Since I have been writing about my religion, beliefs, and faith on this blog, I have often encountered those who either do not understand how a relatively intelligent person could still have faith or how I could remain faithful when so many “so-called” Christians spew hateful messages against the LGBT community. The evil spewed by people who call themselves Christians, yet do not follow the teachings of Christ, leaves a bad taste int he mouth of many in the LGBT community. Bad experiences can turn people from their faith, but I have kept mine and encourage my readers to keep theirs. For me, any person who calls themselves a Christian, yet spews hate and judgment, are not true Christians and their behavior is unforgivable. Instead of following the “Great Commission” to bring others to Christ, they are driving people away. Therefore, in my humble opinion, they are doing Satan’s work, not the work of God.

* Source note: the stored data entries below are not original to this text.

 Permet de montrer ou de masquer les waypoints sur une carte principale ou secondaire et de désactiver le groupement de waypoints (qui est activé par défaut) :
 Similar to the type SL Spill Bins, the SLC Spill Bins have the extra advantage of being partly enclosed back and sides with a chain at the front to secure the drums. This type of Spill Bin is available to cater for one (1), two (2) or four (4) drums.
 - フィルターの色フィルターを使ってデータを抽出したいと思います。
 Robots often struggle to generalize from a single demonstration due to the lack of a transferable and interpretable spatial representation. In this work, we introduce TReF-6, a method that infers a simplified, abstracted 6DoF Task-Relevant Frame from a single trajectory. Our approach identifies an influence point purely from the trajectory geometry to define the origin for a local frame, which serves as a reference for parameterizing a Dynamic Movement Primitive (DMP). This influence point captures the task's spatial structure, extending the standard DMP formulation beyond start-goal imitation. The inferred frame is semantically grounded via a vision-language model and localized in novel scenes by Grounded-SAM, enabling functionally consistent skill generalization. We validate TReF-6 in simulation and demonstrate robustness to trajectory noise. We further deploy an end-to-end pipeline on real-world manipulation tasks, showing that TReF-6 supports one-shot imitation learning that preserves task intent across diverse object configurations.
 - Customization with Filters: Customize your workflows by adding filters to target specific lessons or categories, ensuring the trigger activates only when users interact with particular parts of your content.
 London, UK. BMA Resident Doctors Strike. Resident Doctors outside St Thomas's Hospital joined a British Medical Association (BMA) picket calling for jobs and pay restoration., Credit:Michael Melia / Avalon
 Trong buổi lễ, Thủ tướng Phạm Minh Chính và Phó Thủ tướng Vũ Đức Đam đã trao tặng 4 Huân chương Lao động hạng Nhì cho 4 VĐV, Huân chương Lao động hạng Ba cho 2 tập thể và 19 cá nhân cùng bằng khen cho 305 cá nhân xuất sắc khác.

I am not a Christian because I believe that Christians have a monopoly on moral values and righteous living. I believe that all religions have their place, and all religions and ethical philosophies that I have studied have at their heart the ethics of reciprocity, more commonly known as the golden rule (One should treat others as one would like others to treat oneself). I am a Christian because I believe that Jesus Christ is my Lord and Savior. He was the ultimate sacrifice for our sins. My faith has been made even stronger by the wonderful church community in which I was raised.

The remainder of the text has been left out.